On Tue, May 20, 2014 at 10:36 PM, Dario Taraborelli <dtaraborelli@wikimedia.org> wrote:
On May 20, 2014, at 10:09 PM, Sean Pringle <springle@wikimedia.org> wrote:

Hi!

I'd like to hear from stakeholders about purging old data from the eventlogging database. Yes, no, why [not], etc.

I understand from Ori that there is a 90 day retention policy, and that purging has been discussed previously but not addressed for various reasons. Certainly there are many timestamps older than 90 days still in the db, and apparently largely untouched by queries?

Perhaps we're in a better position now to do this properly what with data now in multiple places: log files, database, hadoop...

Can we please purge stuff? :-)

BR
Sean

Hi Sean, 

I sent a similar proposal to the internal list for preliminary feedback (see item 2 below)

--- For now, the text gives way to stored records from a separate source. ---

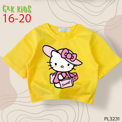 A491328 - Áo bé gái phom lững chất thun coton 4c in Kitty đi Shoping_Size 10-15
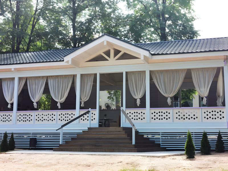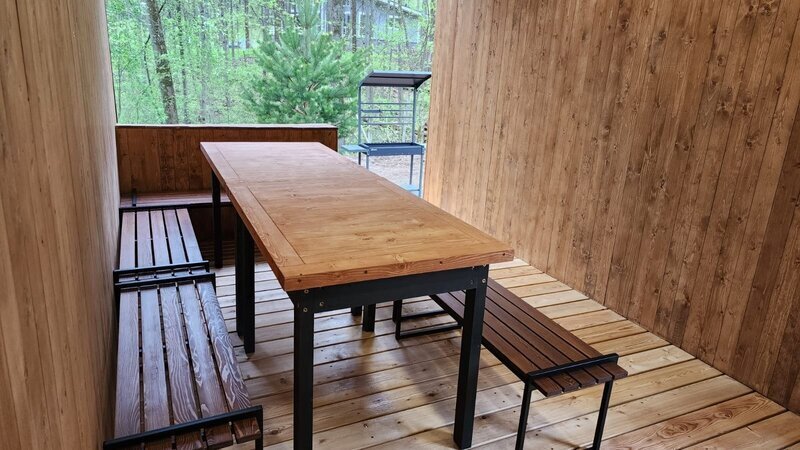 Коттедж в скандинавском стиле, имеет спальню с лаундж зоной, кухню, санузел, веранду и террасу со столом и лавочками. Рядом с коттеджем расположен мангал.
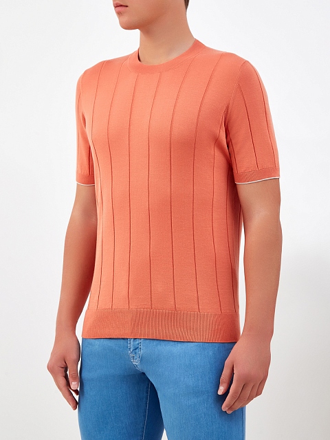 Джемпер с короткими рукавами из хлопковой пряжи в полоску
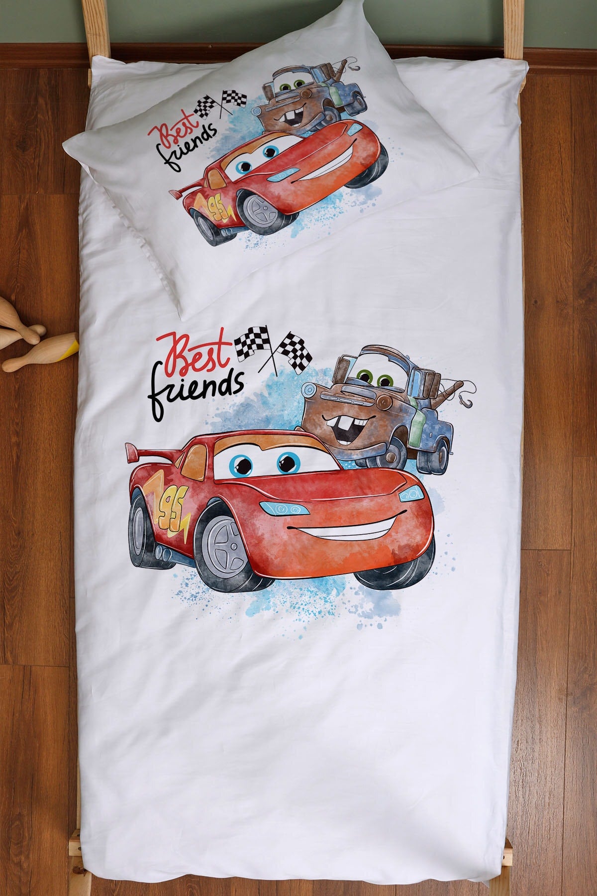 Organic Montessori Duvet Cover Set (100X200) - Cartoon Series - Şimşek Mcqueen And Attractive Mater
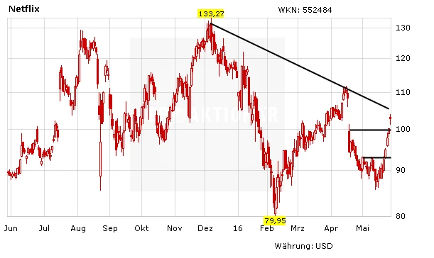 Die Gerüchte heizten der Aktie ordentlich ein. Seit Wochenstart konnte Netflix gut acht Prozent auf 102,81 Dollar zulegen. Der Abwärtstrend konnte zwar noch nicht gebrochen werden, die ersten Hürden wurden aber bereits genommen. Sowohl der Widerstand bei 94 Dollar als auch das Ziel von 100 Dollar wurden überschritten. Nun ist der Weg bis zum Hoch vom April bei 111, 85 Dollar frei. Spekulativ orientierte Anleger wagen einen Trade.

All, I wanted to hear your thoughts informally (before posting to the lists) on two ideas that have been floating around recently:

1) add support for optional sampling in EventLogging via JSON schemas (given the sheer number of teams who have asked for it). See https://bugzilla.wikimedia.org/show_bug.cgi?id=65500
Not to hijack the thread, but: to do this in the schema itself confuses the structure of the data with the mechanics of its use. I think having a couple of helpers in JavaScript and PHP for simple random sampling is sufficient.

2) introduce 90-day pruning by default for all logs, (adding a dedicated schema element to override the default).
Same problem. To illustrate: suppose we're two months into a data collection job. The researcher carelessly forgot to modify the pruning policy, so it's set to the default 90 days, whereas the researcher needs it for 180. At this point our options are:

1) Decline to help, even though there's a full month before the pruning kicks in.
2) Somehow alter the schema revision without creating a new revision. EventLogging assumes that schema revisions are immutable and it exploits this property to provide guarantees about data validity and consistency, so this is a nonstarter.
3) Create a new schema revision that declares a 180 day expiration and then populate its table with a copy of each event logged under the previous schema.

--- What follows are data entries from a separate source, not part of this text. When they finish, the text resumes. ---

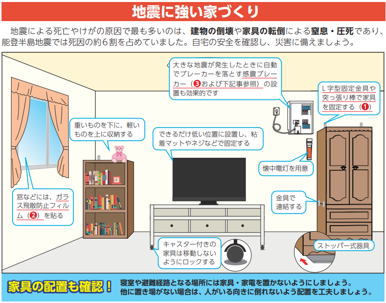 - ガラスや食器が入った棚及び家具等は、必ず転倒防止を行ってください
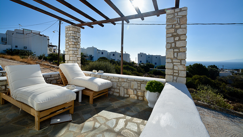 The house is situated in the village of Aspro Xorio (the "White Village") and has magnificent sea views over to Ios, Sikinos and Foligandros. The town of Drios, with a supermarket and many tavernas is only 2 kms away. The popular fishing town of Piso Livadi, with its superb restaurants, Greek tavernas and bars is only approx 10 kms away.
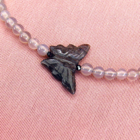 Black Aventurine Butterfly, Black Spinel, Grey Agates, and Oxidized Sterling Silver Anklet
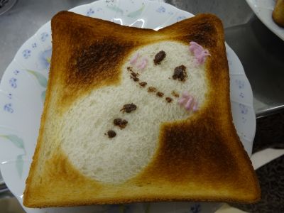 食パンの焼ける部分と白く残る部分を考えながら、最後にチョコレートペンで仕上げ、楽しい絵柄のトーストアートが出来上がりました。
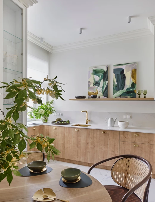– Dzięki dużej swobodzie, którą otrzymałyśmy od właściciela mieszkania, mogłyśmy same wybrać kierunek podczas projektowania. Wnętrze kamienicy zachwyciło nas swoim artystycznym, lekko francuskim klimatem. Chciałyśmy wydobyć jak najwięcej słonecznego ciepła, dlatego zdecydowałyśmy się na wykorzystanie dużej ilości drewna i naturalnych kolorów. Śmietanowy odcień ścian stanowi doskonałą bazę dla mebli, zarówno tych współczesnych, jak i tych w stylu modern classic. Całość dopełniają złote dodatki zauważalne w całym mieszkaniu – mówią Maria Wilk-Zadrożna i Agata Izdebska z pracowni M.A. Kolektyw.
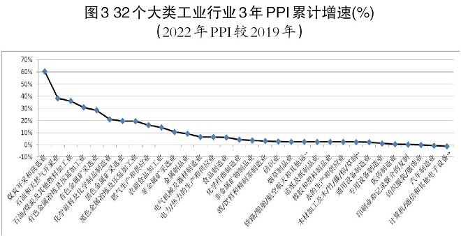 綜上,石油和天然氣開采業、石油/煤炭及其他燃料加工業、化學纖維製造業、化學原料及化學製品製造業、煤炭開采和洗選業5個大類工業行業連續3年成為引導工業PPI漲跌的主要行業。與2019年常態化年份相比,近3年(2020年—2022年)工業經濟中上遊原燃料行業價格上漲幅度較大,但麵向居民消費的工業製造行業PPI上漲幅度有限,從而對CPIxingchengjiaohaodezhicheng,biaomingshangyougongyexingyejiagededafushangzhangbingmeiyouchuandaozhishehuixiaofeixingye,zheyeyiweizheshangyougongyexingyejiageshangzhangbuweixiaofeizhongduansuojieshou。

The motivation behind your proposal is (I think) a desire to have a unified configuration interface for data collection jobs. This makes total sense and it's worth pursuing. I just don't think we should stuff everything into the schema. The schema is just that: a schema. It's a data model.



This would push to the customers the responsibility of ensuring the right data is collected and retained.

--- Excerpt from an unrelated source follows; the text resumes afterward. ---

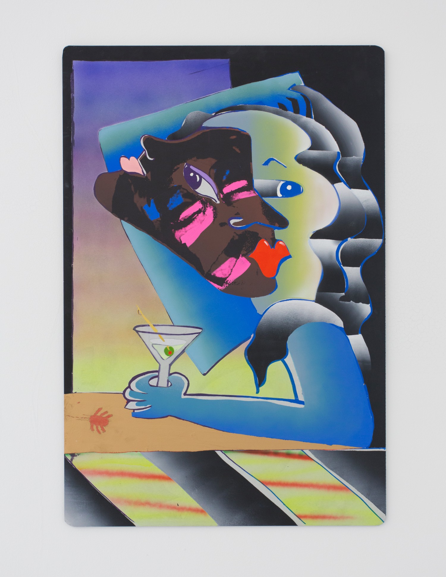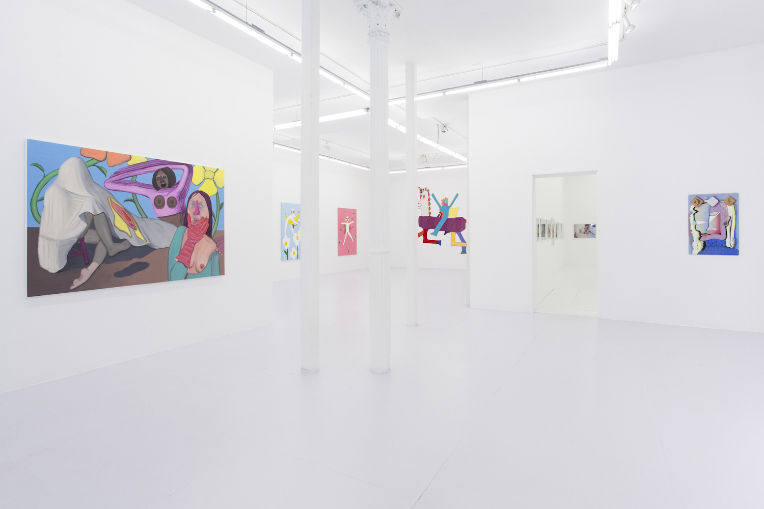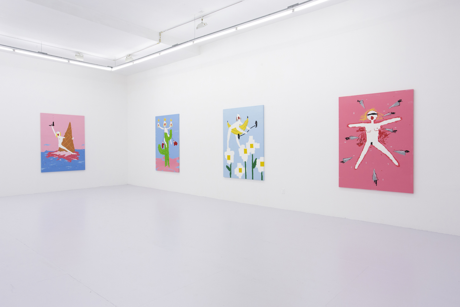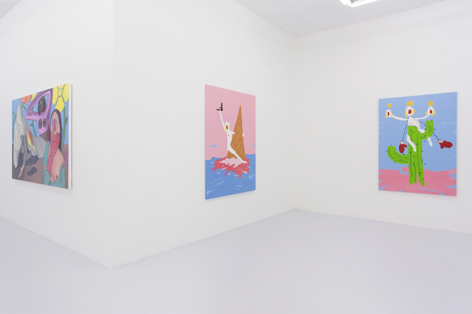 These flattened figures may not be flesh, hairy and sweaty but they do all carry some kind of intensity, some anxiety, exuberance. As sorta symbols of a human rather than a traditional figure painting, these bodies represent more than a fully-rendered human might. Djordjevic’s paintings for example only barely look like a person, you wouldn’t see yourself in their skin, you wouldn’t think they had a name, they are interchangably undifferentiated. But their lack of personalized feelings make them more effective conduits for communicating feeling somehow; the inchoate screams and gunshots reverberate with me, convey more poignantly a world that is out of control, howling and deranged. “Fried.” Maybe that would have been a good summer group show title….
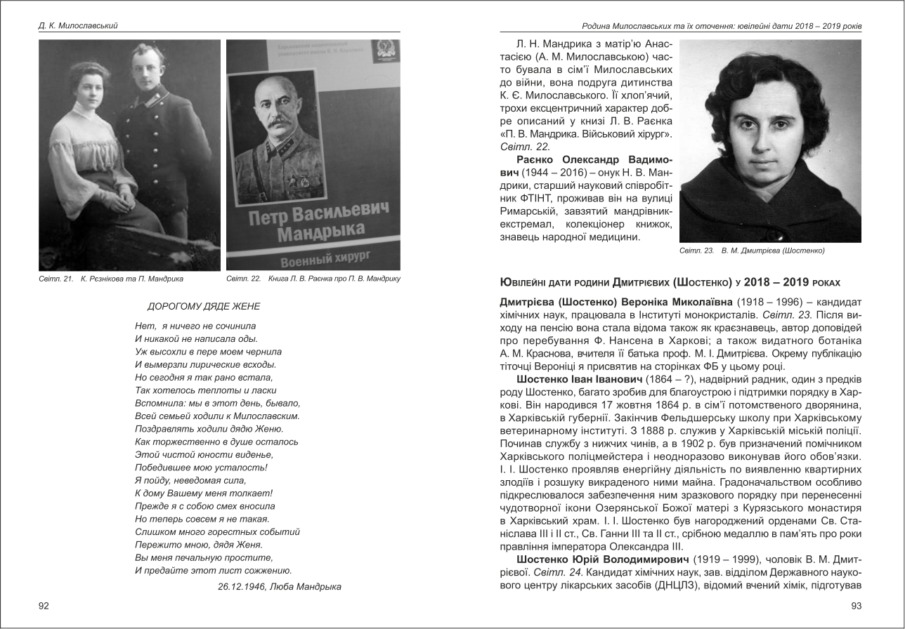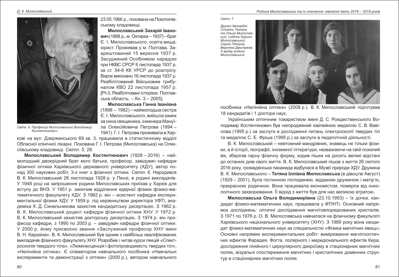 Милославський: Родина Милославських та їх оточення: ювілейні дати 2018-2019 років

I understand 2) has already been partly implemented for the raw JSON logs (not yet for EL data stored in SQL). Obviously, we would need to audit existing logs to make sure that we don’t discard data that needs to be retained in a sanitized or aggregate form past 90 days.


Note that – per our data retention guidelines [1] – not all EL data is expected to be automatically purged within 90 days (see the section on “Non-personal information associated with a user account”): many of these logs have a status similar to MediaWiki data that is retained in the DB but not fully exposed to labs.
 
For this reason, I am proposing that we enable 90-day pruning by default for new schemas, with the ability to override the default.

Sounds good to me. I figure that the overrides would be specified as configuration values for the script that does the actual pruning. We could Puppetize that and document the process for adding exemptions.
 
Existing schemas would need to be audited on a case by case basis.

By whom? :) Surely not Sean! It'd be great to get this process going.